> _Data shown_:
========================

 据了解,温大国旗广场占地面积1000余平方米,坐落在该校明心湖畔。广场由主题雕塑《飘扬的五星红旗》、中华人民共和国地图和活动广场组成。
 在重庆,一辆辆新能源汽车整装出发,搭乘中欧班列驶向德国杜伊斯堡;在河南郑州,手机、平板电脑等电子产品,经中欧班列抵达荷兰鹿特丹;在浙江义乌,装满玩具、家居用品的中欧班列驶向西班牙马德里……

========================

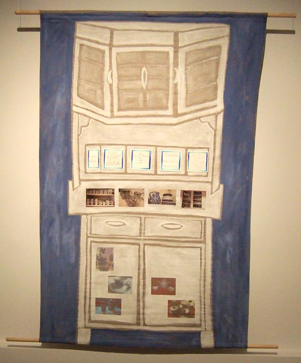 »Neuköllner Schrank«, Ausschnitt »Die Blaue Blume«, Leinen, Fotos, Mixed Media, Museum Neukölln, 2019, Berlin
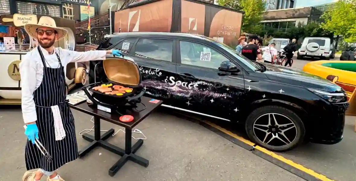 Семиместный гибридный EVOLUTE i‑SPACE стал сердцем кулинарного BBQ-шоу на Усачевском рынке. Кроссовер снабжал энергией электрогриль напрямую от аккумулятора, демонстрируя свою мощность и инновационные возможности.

========================

> _Instructions for the task_: Above are the records; print exactly the lines from the line with "据了解,温大国旗广场占地面积" to the line with "在重庆,一辆辆新能源汽车整装", including both, and nothing else.

> _Output_:
 据了解,温大国旗广场占地面积1000余平方米,坐落在该校明心湖畔。广场由主题雕塑《飘扬的五星红旗》、中华人民共和国地图和活动广场组成。
 在重庆,一辆辆新能源汽车整装出发,搭乘中欧班列驶向德国杜伊斯堡;在河南郑州,手机、平板电脑等电子产品,经中欧班列抵达荷兰鹿特丹;在浙江义乌,装满玩具、家居用品的中欧班列驶向西班牙马德里……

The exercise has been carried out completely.